Bug 57494

Summary: Discrepancy between using XSSFWorkbook.getSheetAt(0).getRowIterator() and XSSFWorkbook.getSheetAt(0).getRow(#)
Product: POI Reporter: Hugo Tagle <hugo.tagle>
Component: POI OverallAssignee: POI Developers List <dev>
Status: RESOLVED INVALID    
Severity: normal    
Priority: P2    
Version: 3.8-FINAL   
Target Milestone: ---   
Hardware: PC   
OS: All   
Attachments: 10 row spreadsheet. Second row missing data
Four top rows contain data. 158 empty ones at the bottom

Description Hugo Tagle 2015-01-26 01:50:45 UTC
Created attachment 32396 [details]
10 row spreadsheet. Second row missing data

The spreadsheet attached is missing the first row of data after the header row. Creating a XSSFWorkbook(FileInputStream fis) object eliminates the empty row. The sheet rowsIterator contains only the header and the rest of valid rows in the spreadsheet.
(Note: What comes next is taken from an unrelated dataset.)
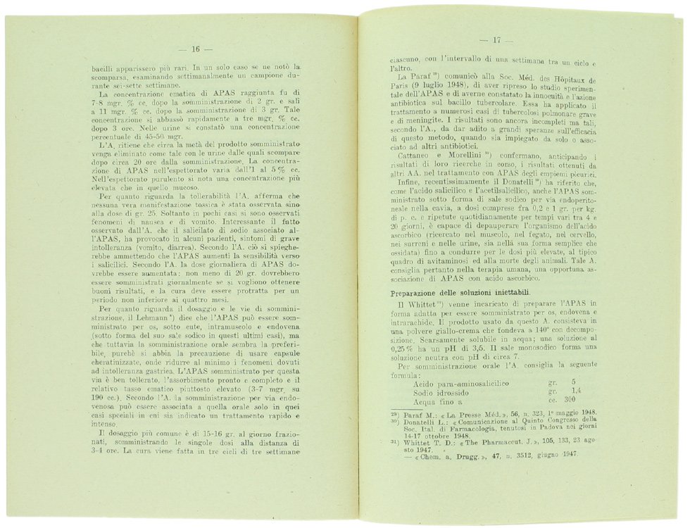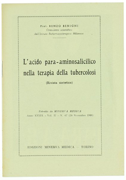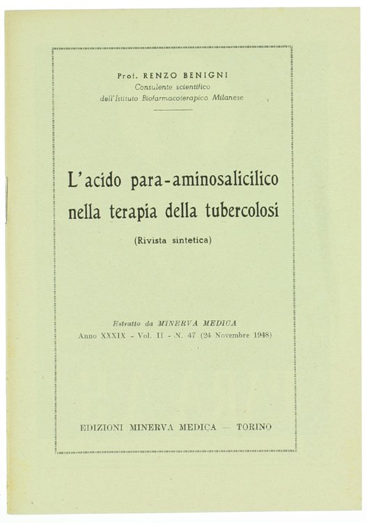L'ACIDO PARA-AMINOSALICILICO NELLA TERAPIA DELLA TUBERCOLOSI. | Libros antiguos y modernos | Benigni Renzo.
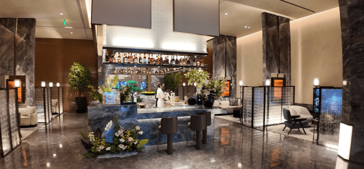建筑立面也不存在效果图代替,大比例石材,搭配大面积玻璃与金属线条,现场看很有高级感。

However, trying to access the rows using the sheet getRow(#) method throws a NullPointerException when trying getSheetAt(0).getRow(1).

Used a testcase to quickly show the issue:

        FileInputStream fis = new FileInputStream(new File("2nd_Row_Missing.xlsx"));
        
        Workbook wb = new XSSFWorkbook(fis);                

        logger.debug("rowIterator()");

        Iterator x = wb.getSheetAt(0).rowIterator();
        int i = -1;
        while (x.hasNext()) {
            i++;
            Row row = (Row) x.next();

            Iterator y = row.cellIterator();
            
            y.next(); // don't care for first numeric cell
            Cell cell = (Cell) y.next(); // I want the second one (string)
            
            logger.debug("row = " + i + ", cell = 1, value =  " + cell.getStringCellValue());
        }

        logger.debug("getRow()");
        logger.debug("row = 0, cell = 1, value = " + wb.getSheetAt(0).getRow(0).getCell(1).toString());
        logger.debug("row = 1, cell = 1, value = null; throws NullPointerException");
        logger.debug("row = 2, cell = 1, value = " + wb.getSheetAt(0).getRow(2).getCell(1).toString());
        logger.debug("row = 3, cell = 1, value = " + wb.getSheetAt(0).getRow(3).getCell(1).toString());
        logger.debug("row = 4, cell = 1, value = " + wb.getSheetAt(0).getRow(4).getCell(1).toString());
        logger.debug("row = 5, cell = 1, value = " + wb.getSheetAt(0).getRow(5).getCell(1).toString());
        logger.debug("row = 6, cell = 1, value = " + wb.getSheetAt(0).getRow(6).getCell(1).toString());
        logger.debug("row = 7, cell = 1, value = " + wb.getSheetAt(0).getRow(7).getCell(1).toString());
        logger.debug("row = 8, cell = 1, value = " + wb.getSheetAt(0).getRow(8).getCell(1).toString());
        logger.debug("row = 9, cell = 1, value = " + wb.getSheetAt(0).getRow(9).getCell(1).toString());


==Standard Output==
rowIterator()
row = 0, cell = 1, value =  ADDR
row = 1, cell = 1, value =  1220 STATE CAPITOL
row = 2, cell = 1, value =  121 S 3RD ST
row = 3, cell = 1, value =  1419 ADAMS BLVD
row = 4, cell = 1, value =  408 NORFOLK AVE
row = 5, cell = 1, value =  704 PROSPECT AVE
row = 6, cell = 1, value =  U S HWY 30 WEST
row = 7, cell = 1, value =  1600 GREAT PLAINS CENTRE
row = 8, cell = 1, value =  1623 HARNEY ST
getRow()
row = 0, cell = 1, value = ADDR
row = 1, cell = 1, value = null; throws NullPointerException
row = 2, cell = 1, value = 1220 STATE CAPITOL
row = 3, cell = 1, value = 121 S 3RD ST
row = 4, cell = 1, value = 1419 ADAMS BLVD
row = 5, cell = 1, value = 408 NORFOLK AVE
row = 6, cell = 1, value = 704 PROSPECT AVE
row = 7, cell = 1, value = U S HWY 30 WEST
row = 8, cell = 1, value = 1600 GREAT PLAINS CENTRE
row = 9, cell = 1, value = 1623 HARNEY ST
Comment 1 Andreas Beeker 2015-01-26 08:33:16 UTC
This is by design ... please have a look at the API:
http://poi.apache.org/apidocs/org/apache/poi/xssf/usermodel/XSSFSheet.html#rowIterator()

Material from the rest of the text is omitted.